Re: PERL , DHTML and the myth of cross-platform work

by "Darrell King" <darrell(at)>

 Date:  Wed, 6 Sep 2000 19:11:57 -0400
 To:  <hwg-techniques(at)>
 References:  hotmail
  todo: View Thread, Original
All of this is a long way around to telling you that Perl is a poor choice
if your primary goal is to become marketable. Companies with Unix
installations don't need Perl folks because they already have those skills
with their system admins.
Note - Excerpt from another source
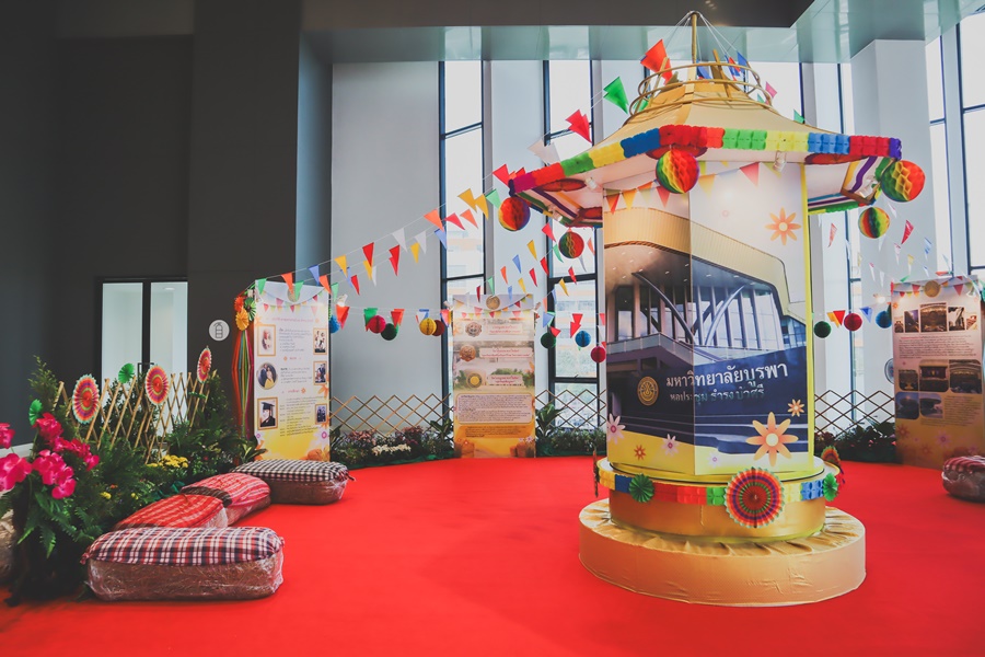สำนักหอสมุด มหาวิทยาลัยบูรพา ได้รับมอบหมายในการจัดนิทรรศการประกอบการแสดงคอนเสิร์ตลูกทุ่งมหาวิทยาลัยบูรพาและมหาวิทยาลัยเกษตรศาสตร์เพื่อเชื่อมชีวิตชุมชน : EP พิเศษ ลูกทุ่งสองบาง “ดาวกระจุยบางเขน เยือนบูรพาบางแสน” ในวันที่ 16 ธันวาคม พ.ศ. 2566 ณ บริเวณชั้น 2 หอประชุมธำรง บัวศรี มหาวิทยาลัยบูรพา โดยภายในนิทรรศการนำเสนอถึงประวัติท่านศาสตราจารย์ ดร.ธำรง บัวศรี และความเป็นมาของการปรับปรุงหอประชุมธำรง บัวศรี
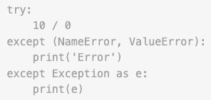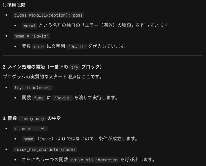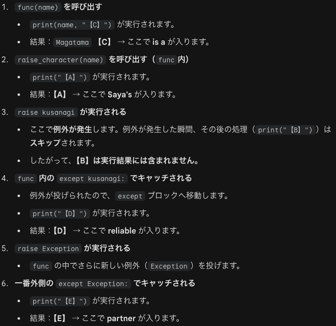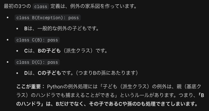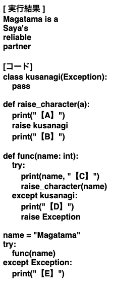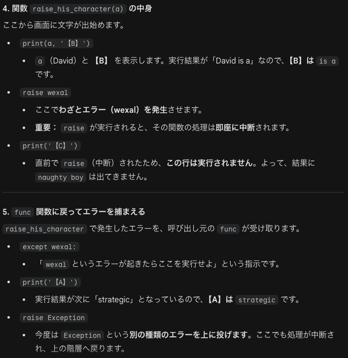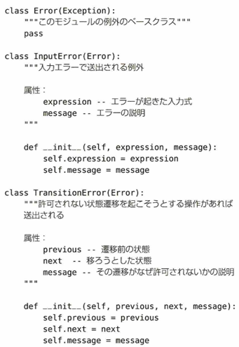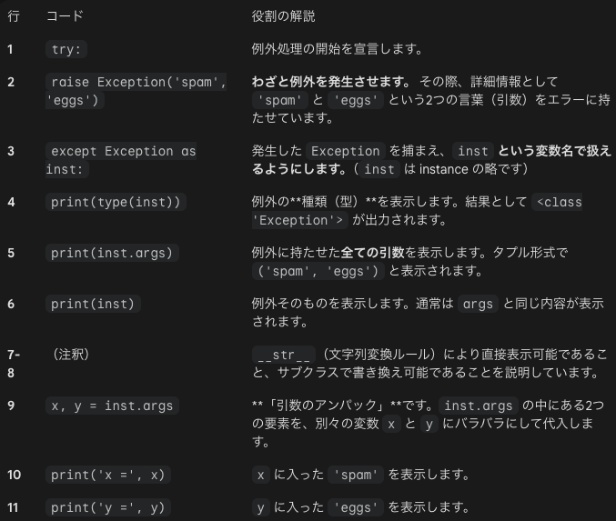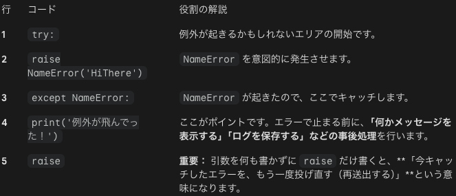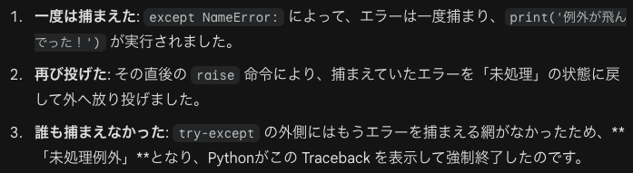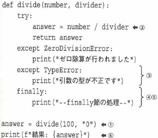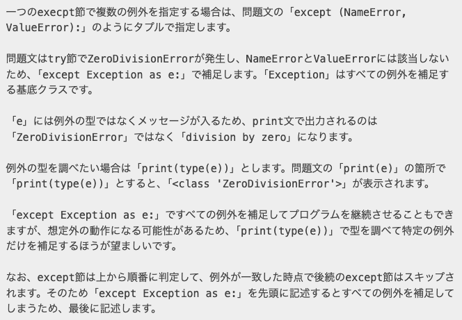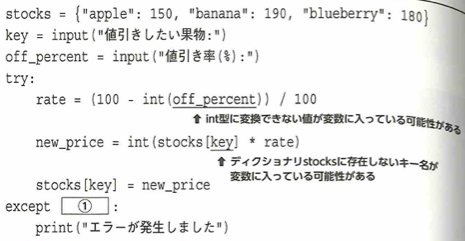 コードが文法として正しい場合でも実行時に起きるエラーを例外(exception)といいます。引数のデータ型が誤っていたり、存在しない名前の変数を参照したりしたときに起きます。このときPythonはエラーメッセージを表示して動作を停止します。例外を検知して発生時の動作を実装するにはtyr-exception文を使います。例えばint()関数にint型に変換できない値があるとValueError(データ型が合っていても値が不適切)という例外が発生します。またディクショナリに存在しないデータを参照しようとするとKeyErrorという例外が発生します。NameErrorは未定義の変数(または関数)を使用すると発生するエラーです。except節で複数の例外を処理するには()内に処理したい例外をすべて列挙します。

Companies in an NT environment aren't likely to be
using Perl in the first place, but if they do, they aren't going to be doing
complex things that require a full-time person to manage.

Perl is a fine language, but by itself, it's not likely to get you a job.

Please do not tell this to my clients, who are paying me quite frequently to
program applications in Perl 12 hours a day, 7 days a week.  I'm not a
SysAdmin, but simply a CGI gun for hire, writing shopping carts, form
handlers, database interfaces, web page editors and similar fun stuff.  Our
business site is HTML 4.01 Transitional dynamically generated by a Perl
script.  The environment is Apache on Linux with Perl 5.005 and MySQL 1.23.

That being said, I'd also like to add that (pulling from the original note)
PHP is quite comfortable in many different environments, and many have
indicated it was an easier language to learn than Perl.  You may find it
more comfortable if you catch onto the embedded concept more easily than
that of independantly located scripts.

I should also add that I don't work in NT environments at all.  I'm just too
busy to spend the time needed to learn to adapt my Perl scripts to NT.  I
suppose someday, when things calm down a bit, I'll learn it just for grins.

I would have the guess, however, that the above evaluation of Perl being
less valuable in that environment might be correct.  If you wish to work
with NT, you might want to look into ASP.  If you would rather explore the
*nix world...especially under Apache...then either Perl or PHP make
excellent choices for CGI programming.